The neoliberal sacking of the universities runs much deeper than tuition hikes and budget cuts, notes Barkawi.

By Tarak Barkawi

The New York Times, Slate and Al Jazeera have recently drawn attention to the adjunctification of the professoriate in the US. Only 24 per cent of university and college faculty are now tenured or tenure-track.

Much of the coverage has focused on the sub-poverty wages of adjunct faculty, their lack of job security and the growing legions of unemployed and under-employed PhDs. Elsewhere, the focus has been on web-based learning and the massive open online courses (MOOCs), with some commentators celebrating and others lamenting their arrival.

The two developments are not unrelated. Harvard recently asked its alumni to volunteer their time as “online mentors” and “discussion group managers” for an online course. Fewer professors and fewer qualified – or even paid – teaching assistants will be required in higher education’s New Order.

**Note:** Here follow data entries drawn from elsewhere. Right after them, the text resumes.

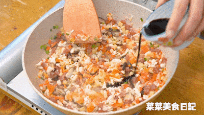 2.煮熟拌入1小勺醬油、1/2小勺香油調味。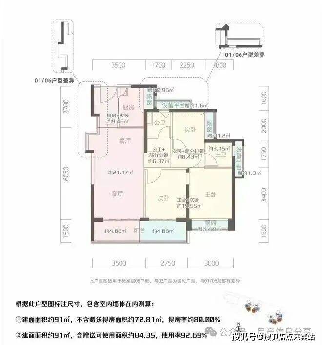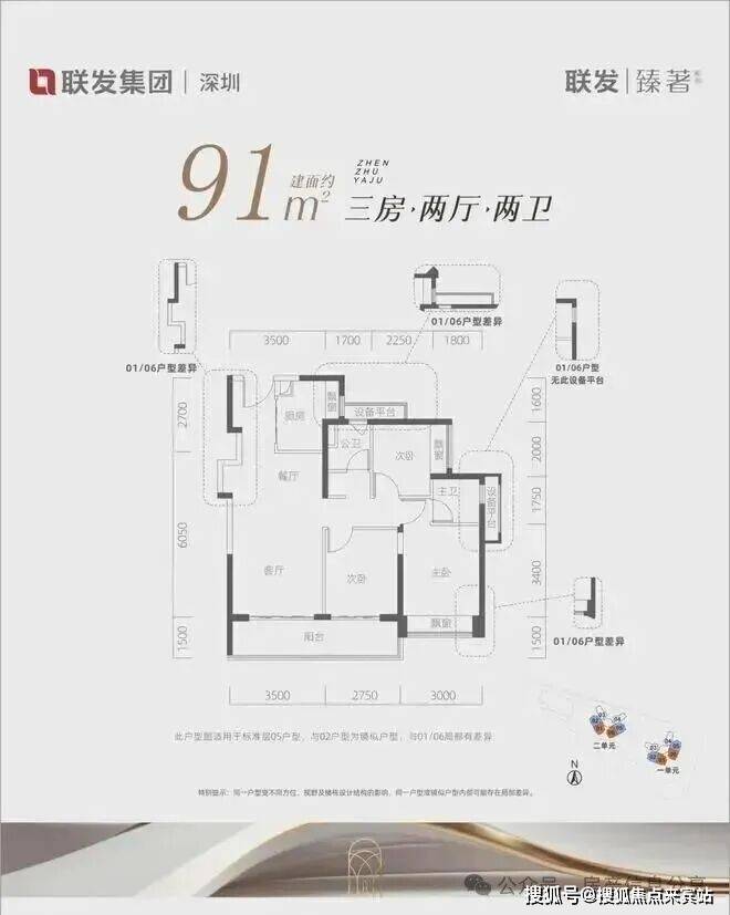 91㎡的3房2厅2卫,设计的是经典竖厅格局,客厅3.5米开间,三开间朝南,3个卧室分别是3米/2.75米/2.25米的宽度,U型厨房,公卫三段式分离设计,得房率:92.69%(包含赠送),阳台西北或东北朝向。联发臻著雅居售楼处电话✅:400-982-8802联发臻著雅居售楼处电话✅:400-982-8802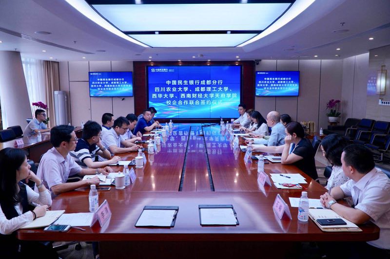 6月29日下午,冰球突破mg正规官网副书记何仁辉、经济系副系主任郑勇、办公室主任姚霞一行赴民生银行成都分行开展交流合作,与该行签订了教学实践基地协议,民生银行唐立斌副行长及人力资源部、团委等多个部门负责人出席了座谈会。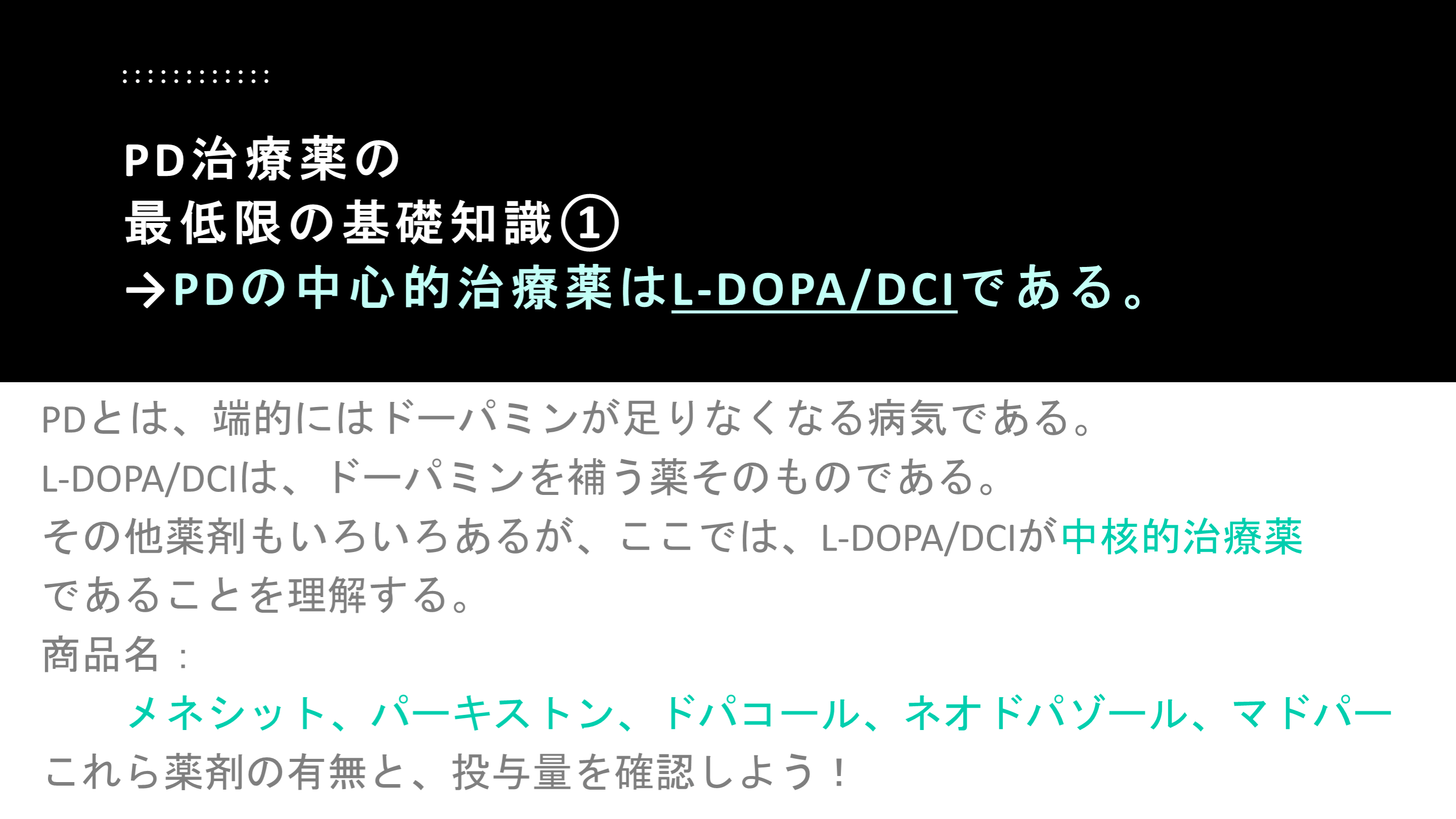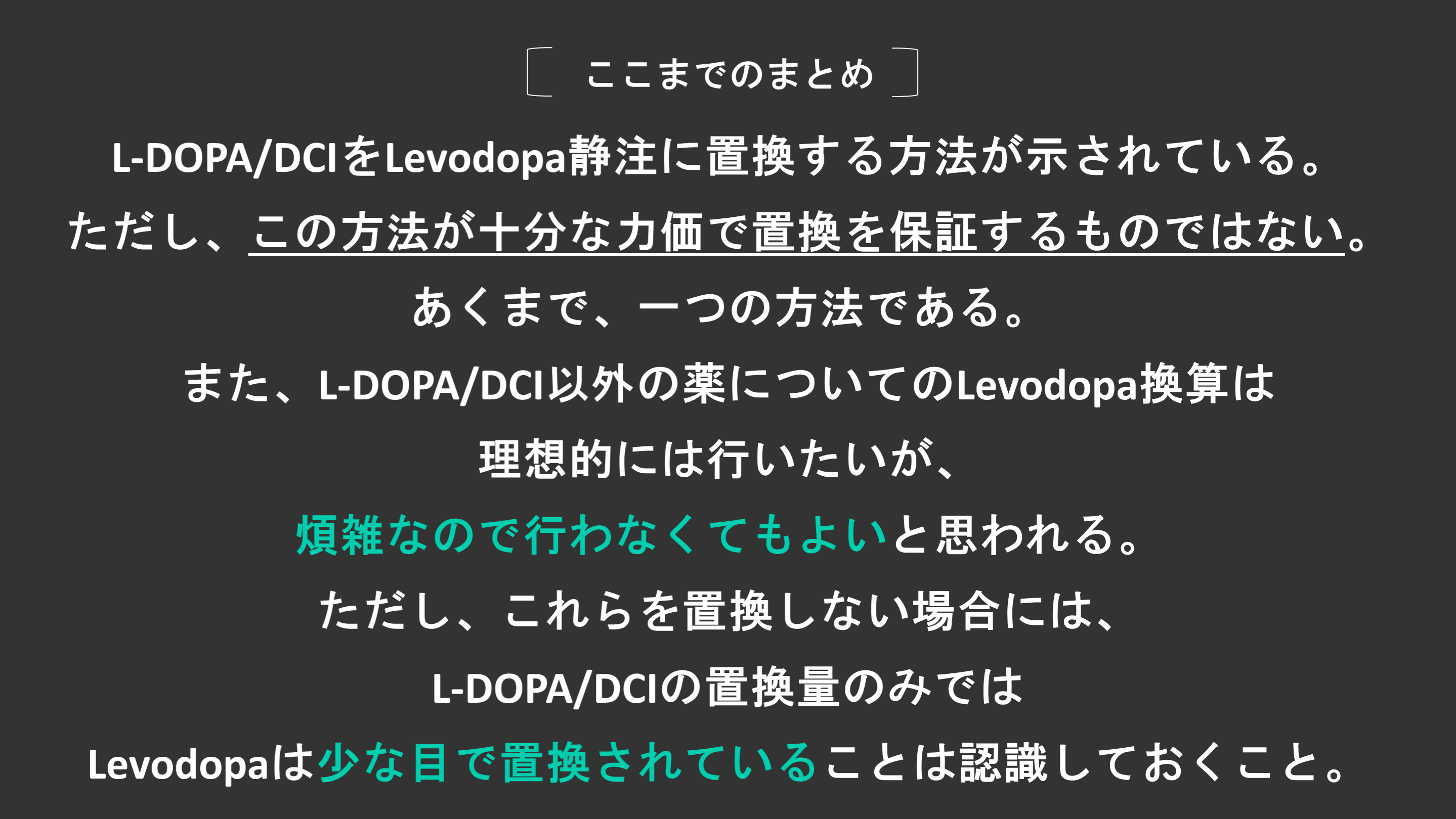 Levodopaは少な目で置換されていることは認識しておくこと。 ここまでのまとめ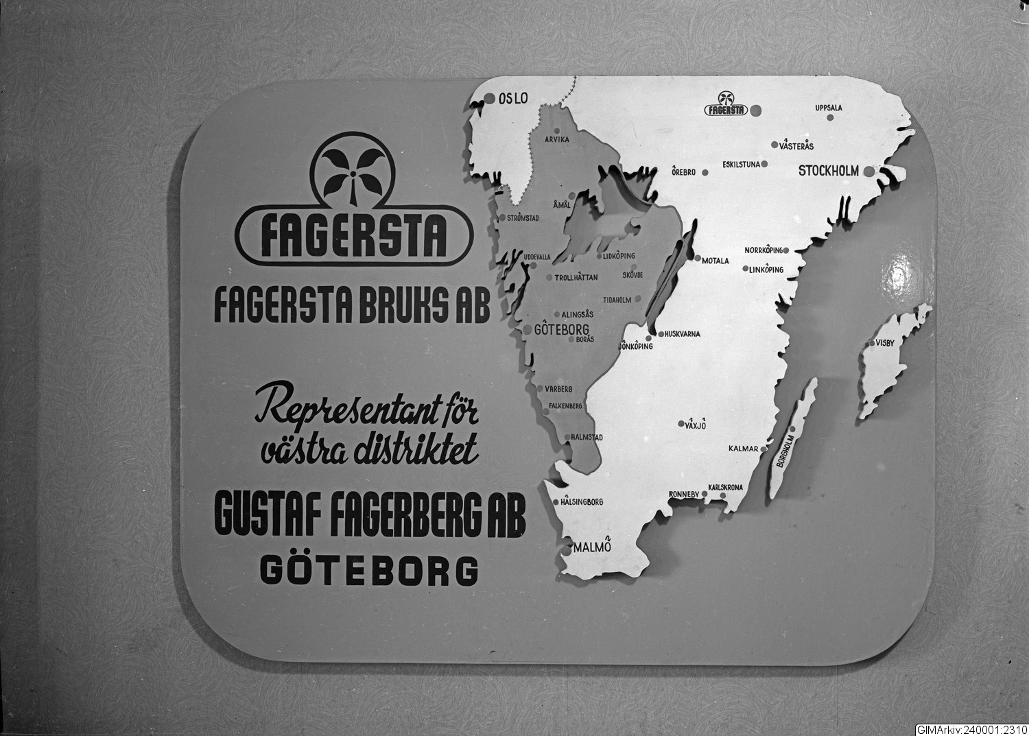 Förvarad i kuvert med texten: "Kontor. Kronhusg. Gust. Fagerberg. Juli-49. Info: Gustaf Fagerberg AB. represtentant Fagersta Bruks AB. Står på kuvert: reklamskylt m. karta."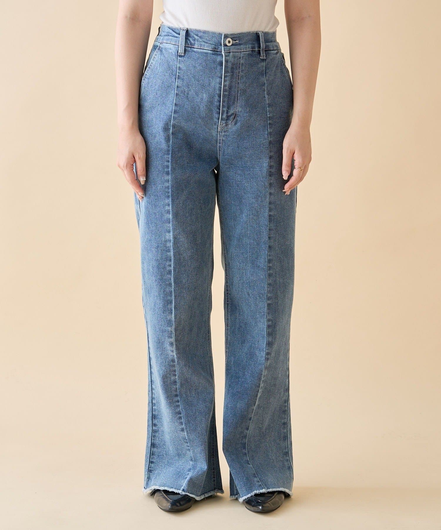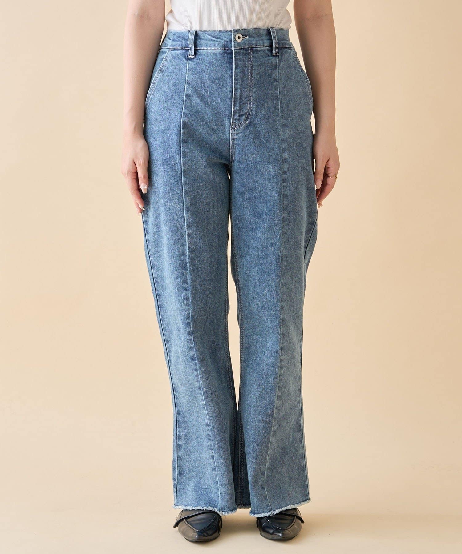 ・裾にかけて少しだけ広がるセミフレアの美シルエットデニムパンツ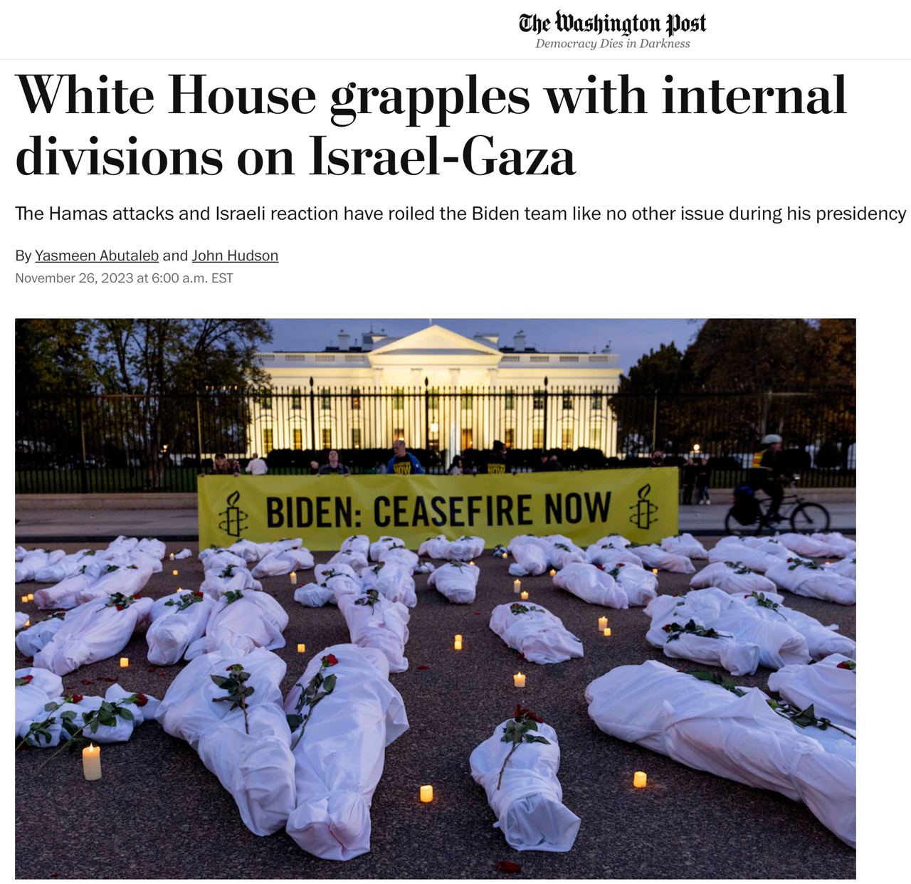 "Встреча официальных лиц подчеркивает, как действия Байдена в разрешении, возможно, крупнейшего внешнеполитического кризиса за время его президентства, разделяют Белый дом, который гордится тем, что проводит дисциплинированную и сплоченную операцию. По словам многочисленных помощников и союзников внутри и за пределами Белого дома, война между Израилем и сектором Газа взволновала администрацию больше, чем любой другой вопрос за первые три года пребывания Байдена у власти, поскольку его сотрудники мучаются из-за своей позиции по крайне эмоциональным вопросам", - пишет WP.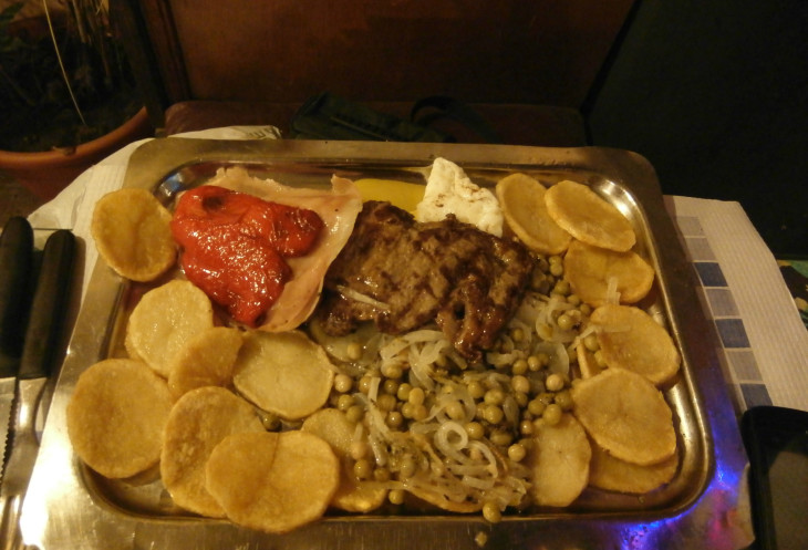Нас встретил добродушный хозяин кафе, старичок лет 60-65. Меню было только на испанском, но ясное дело- иностранцы заказывают bife (стейки)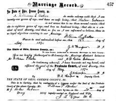 William Penn Baker and Helen Margaret "Marie" Gebauer were married May 20, 1874, at the William A. Means home, Village of Yellow Springs, Miami Twp., Greene Co., OH.

Lost amid the fetishisation of information technology and the pathos of the struggle over proper working conditions for adjunct faculty is the deeper crisis of the academic profession occasioned by neoliberalism. This crisis is connected to the economics of higher education but it is not primarily about that.

The neoliberal sacking of the universities runs much deeper than tuition fee hikes and budget cuts.